— Task objective —
Write out the records that follow exactly. Do not include pictures.

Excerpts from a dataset

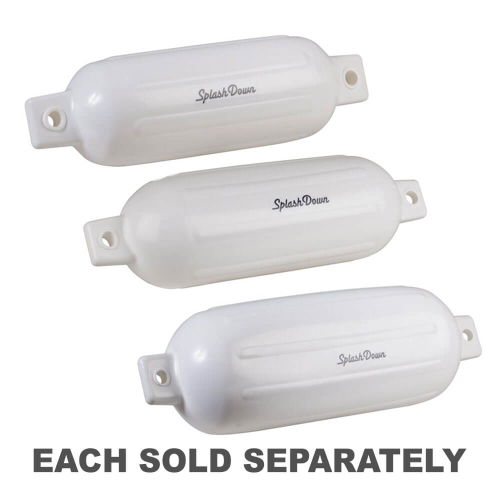Jeder Fender hat an jedem Ende eine große Öse. (In den USA und Kanada werden die Kotflügel im Allgemeinen festoonartig und nicht vertikal befestigt, was ein Wegrollen zusätzlich verhindert). Es stehen 4 Größen zur Verfügung, alle in der Farbe Weiß.
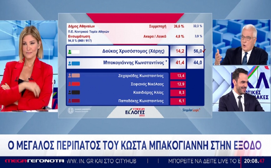 «Ο Μεγάλος Περίπατος του Κώστα Μπακογιάννη στην έξοδο» ήταν ο τίτλος του MEGA, λίγη ώρα αφού οριστικοποιήθηκε η νίκη του υποψηφίου που στηρίχθηκε από ΠΑΣΟΚ και ΣΥΡΙΖΑ, Χάρη Δούκα, έναντι του απερχόμενου Δημάρχου Κώστα Μπακογιάννη.
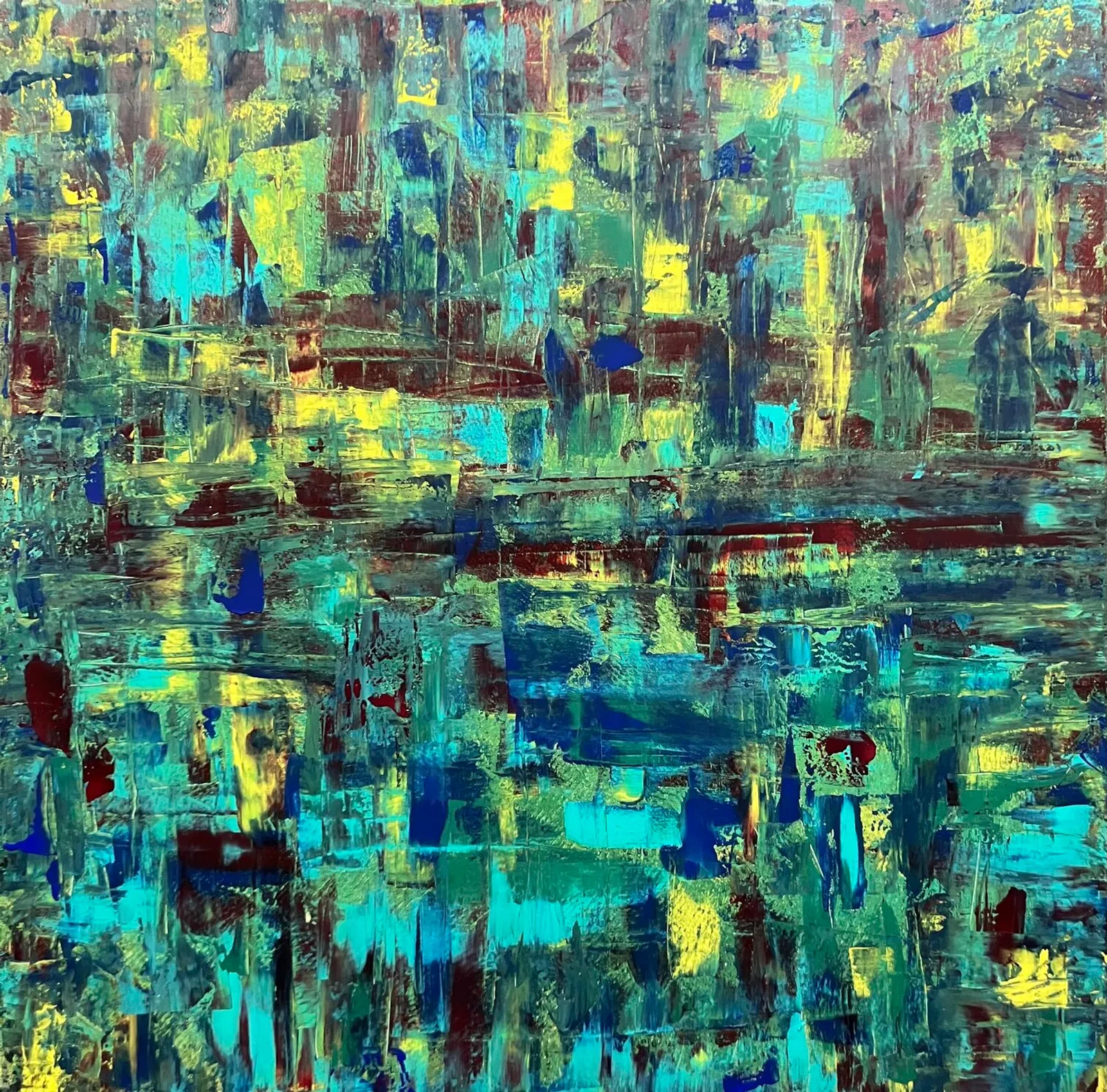 Sine Concessu — sans permission — explore la liberté comme un mouvement intérieur en perpétuelle expansion. La toile refuse toute conclusion : créer devient un dialogue ouvert, un espace d’expression affranchi des cadres et laissé volontairement en devenir. Les couleurs se superposent et s’entrelacent sans chercher l’aboutissement. Les bleus profonds installent la durée et la réflexion, les jaunes surgissent comme des éclats de conscience, tandis que les verts et les rouges nourrissent la tension et l’échange. La matière, stratifiée et non lissée, conserve les traces du geste et du temps. Rien n’est effacé. L’inachevé est assumé comme une position artistique : celle d’un esprit libre, toujours en transformation. Sine Concessu affirme la liberté de penser, de créer et d’évoluer sans retenue. Une prise de position silencieuse, mais résolument indépendante. Je choisis la liberté d’être ce que je veux, car jamais je ne cesserai d’exister…
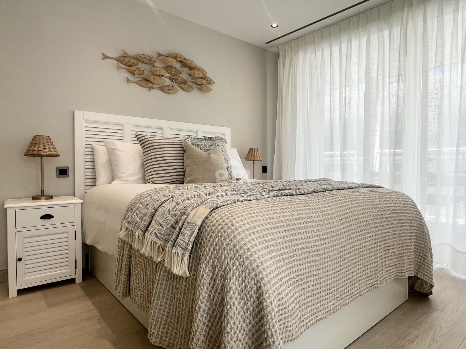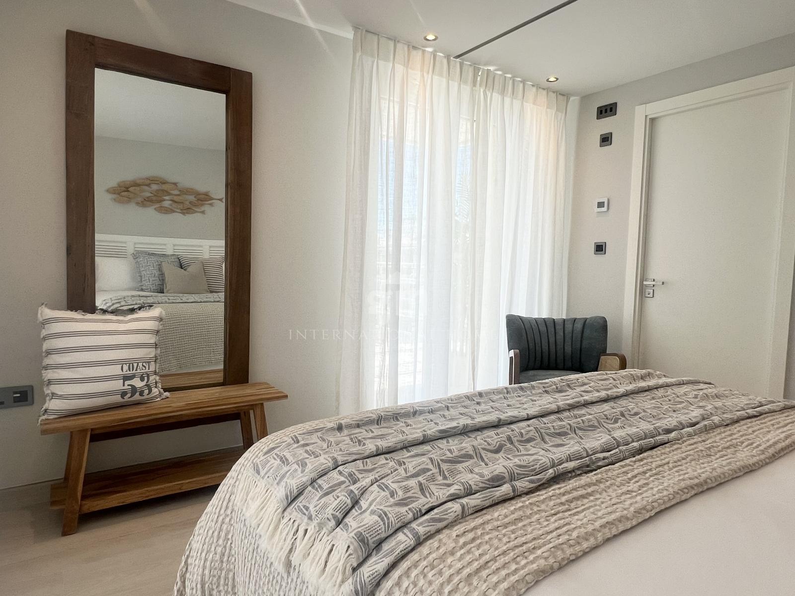 The property boasts of a modern open-plan kitchen with top of range electrical appliances that seamlessly flows into a spacious living room area. From here, you can stop out onto a large terrace that offers lovely views towards the entrance to the marina. Whether you're enjoying a morning coffee or hosting a gathering with friends, this 38sqm terrace is the perfect place to soak in the beauty of your surroundings.
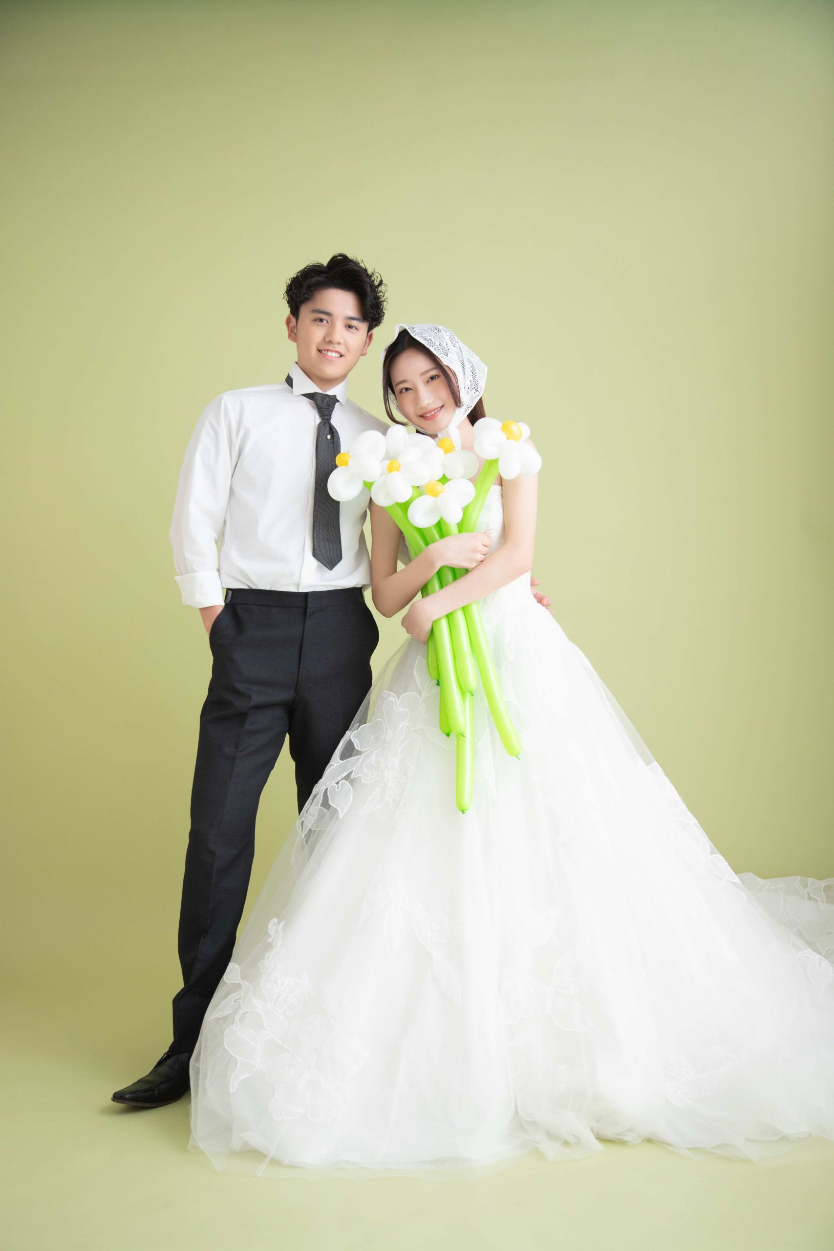 カメラを意識しすぎず、見つめあったり、悪戯っぽく頬に触れたり。お2人のいつもの距離感を大切に撮影します✨トレンドのバルーンフラワーや、繊細なレースのヘッドドレス。シンプルだけど、エッジの効いた小物が、韓国風の洗練

— Output for this task —
Jeder Fender hat an jedem Ende eine große Öse. (In den USA und Kanada werden die Kotflügel im Allgemeinen festoonartig und nicht vertikal befestigt, was ein Wegrollen zusätzlich verhindert). Es stehen 4 Größen zur Verfügung, alle in der Farbe Weiß.
 «Ο Μεγάλος Περίπατος του Κώστα Μπακογιάννη στην έξοδο» ήταν ο τίτλος του MEGA, λίγη ώρα αφού οριστικοποιήθηκε η νίκη του υποψηφίου που στηρίχθηκε από ΠΑΣΟΚ και ΣΥΡΙΖΑ, Χάρη Δούκα, έναντι του απερχόμενου Δημάρχου Κώστα Μπακογιάννη.
 Sine Concessu — sans permission — explore la liberté comme un mouvement intérieur en perpétuelle expansion. La toile refuse toute conclusion : créer devient un dialogue ouvert, un espace d’expression affranchi des cadres et laissé volontairement en devenir. Les couleurs se superposent et s’entrelacent sans chercher l’aboutissement. Les bleus profonds installent la durée et la réflexion, les jaunes surgissent comme des éclats de conscience, tandis que les verts et les rouges nourrissent la tension et l’échange. La matière, stratifiée et non lissée, conserve les traces du geste et du temps. Rien n’est effacé. L’inachevé est assumé comme une position artistique : celle d’un esprit libre, toujours en transformation. Sine Concessu affirme la liberté de penser, de créer et d’évoluer sans retenue. Une prise de position silencieuse, mais résolument indépendante. Je choisis la liberté d’être ce que je veux, car jamais je ne cesserai d’exister…
 The property boasts of a modern open-plan kitchen with top of range electrical appliances that seamlessly flows into a spacious living room area. From here, you can stop out onto a large terrace that offers lovely views towards the entrance to the marina. Whether you're enjoying a morning coffee or hosting a gathering with friends, this 38sqm terrace is the perfect place to soak in the beauty of your surroundings.
 カメラを意識しすぎず、見つめあったり、悪戯っぽく頬に触れたり。お2人のいつもの距離感を大切に撮影します✨トレンドのバルーンフラワーや、繊細なレースのヘッドドレス。シンプルだけど、エッジの効いた小物が、韓国風の洗練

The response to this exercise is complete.